A heterodoxia na raiz da crise

Pedro Cavalcanti e Renato Fragelli

15/03/2017

 

 

Os números do PIB de 2016, liberados pelo IBGE na semana passada, revelaram um quadro de terra arrasada, uma crise como nunca ocorreu antes neste país. Trata-se da pior recessão da história, deixando para trás a "década perdida" dos anos 1980 e a crise de 1929.

A queda do PIB acumulada nos dois últimos anos superou 7%. A renda per capita caiu mais de 9% desde 2014. O PIB encontra-se hoje no nível de meados de 2010, enquanto a renda per capita está três pontos percentuais abaixo do valor observado nesse mesmo ano. A crise disseminou-se por todos os setores produtivos. Agricultura, serviços e indústria enfrentaram queda da produção no ano passado. O consumo das famílias caiu 4,2% e o investimento despencou abissais 10,2%, levando a taxa de investimento a apenas 16,9% do PIB, o menor valor em 21 anos.

Qualquer que seja o indicador - produto, emprego, renda, investimento, etc. - o quadro é muito negativo. Isto, claro, dentro do Brasil, por que lá fora as coisas não vão mal. A expansão do PIB nos Estados Unidos no ano passado foi de 1,6%, no Reino Unido, de 1,8% e na Espanha, de 3,2%. O México cresceu 2,3% e a China "somente" 6,7%. Assim, não há crise externa para justificar a crise brasileira, como a presidente Dilma Rousseff e sua equipe econômica diziam. O fato de Venezuela e Argentina, outros dois países que seguiram ou seguem políticas heterodoxas intervencionistas, também estarem em recessão aponta o possível culpado: as políticas desastradas adotadas no país a partir do final do segundo mandato do presidente Lula.

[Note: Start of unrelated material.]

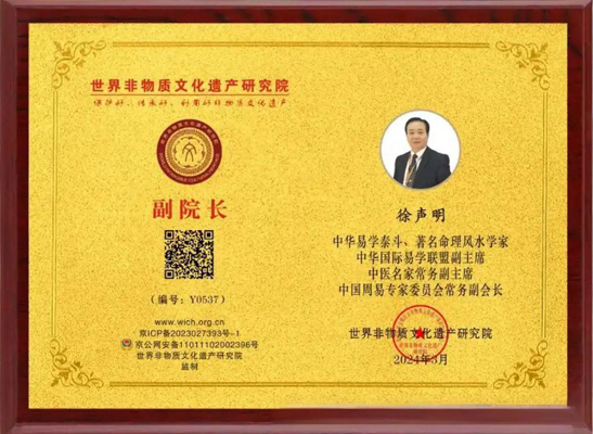 在中华优秀传统文化复兴的浪潮中,世界非物质文化遗产研究院副院长徐声明,作为祖传三代的周易世家传人,以三十余载的执着坚守,深耕易学领域,兼修中医技艺,成为推动国学文化复兴的重要力量,书写着非遗传承者的使命担当。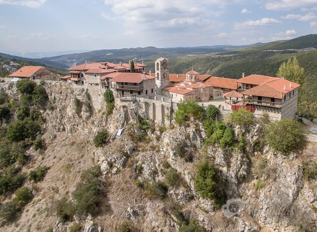 Εγκαθίσταται τελικά σε ένα δυσπρόσιτο λόφο, πλάι στην κοίτη του Αλιάκμονα. Ονομάζεται λόφος του Καλλιστράτου, από το όνομα του πρώτου ασκητή που μόνασε εκεί.

Não foi por falta de aviso. Em que pese a euforia lulista finda em 2010 e a própria eleição - e reeleição! - de Dilma Rousseff, para nós e para alguns poucos analistas - como Alexandre Schwartsman, Armando Castelar, Rogério Werneck e Roberto Ellery - estava claro, desde meados de 2011, que o conjunto de políticas denominadas Nova Matriz Econômica não poderia dar certo e levaria o Brasil a uma crise inédita.

(...)

Os fundamentos teóricos eram absolutamente equivocados, o respeito aos dados e à evidência empírica era inexistente, não havia qualquer estudo prévio sobre o impacto das políticas adotadas e, como se fosse pouco, qualquer grupo de pressão - alguns representando interesses nada republicanos - conseguia transformar em políticas públicas seus objetivos particulares. Somem-se a isso a fraude explícita nas contas públicas, decorrentes do total desprezo pelo equilíbrio orçamentário e do mais deslavado oportunismo político, e o resultado final foi o caos em que se jogou o país a partir de 2014.

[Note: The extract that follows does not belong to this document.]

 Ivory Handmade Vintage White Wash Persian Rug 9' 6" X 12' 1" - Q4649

Já em 2010 os números de produtividade, especialmente produtividade total de fatores, davam sinais de estagnação e queda. E, para quem não se formou repetindo chavões políticos ou ideias dos anos 50, o resultado não poderia ser outro. Distorções como controle de preços e câmbio, subsídios sem critérios e proteção comercial agressiva geram sempre ineficiências que mais cedo ou mais tarde impactam negativamente o crescimento da economia. Basta estudar Introdução à Economia em uma boa escola para saber que a desorganização das contas públicas, por diferentes e vários motivos, vem acompanhada de baixo crescimento de longo prazo.

Ainda assim, muitos acharam que esses eram problemas menores e que fazendo tudo errado o Brasil daria certo.

As escolas heterodoxas, de onde saíram todos os formuladores das políticas econômicas adotadas no país a partir de 2008, em particular a própria presidente Dilma Rousseff, deveriam neste momento estar fazendo uma profunda revisão de seus métodos, fundamentos teóricos e práticas políticas. Afinal, o apoio à Nova Matriz foi unânime entre seus membros, em que pese uma discordância de ênfase, mas não de direção, aqui e ali. Não se ouve, entretanto, qualquer autocrítica. Ao contrário, aparentemente quase todos os heterodoxos teriam sido contrários ou tinham críticas à Nova Matriz. Alguns dizem que "essa não era a verdadeira política heterodoxa". Filho feio não tem pai.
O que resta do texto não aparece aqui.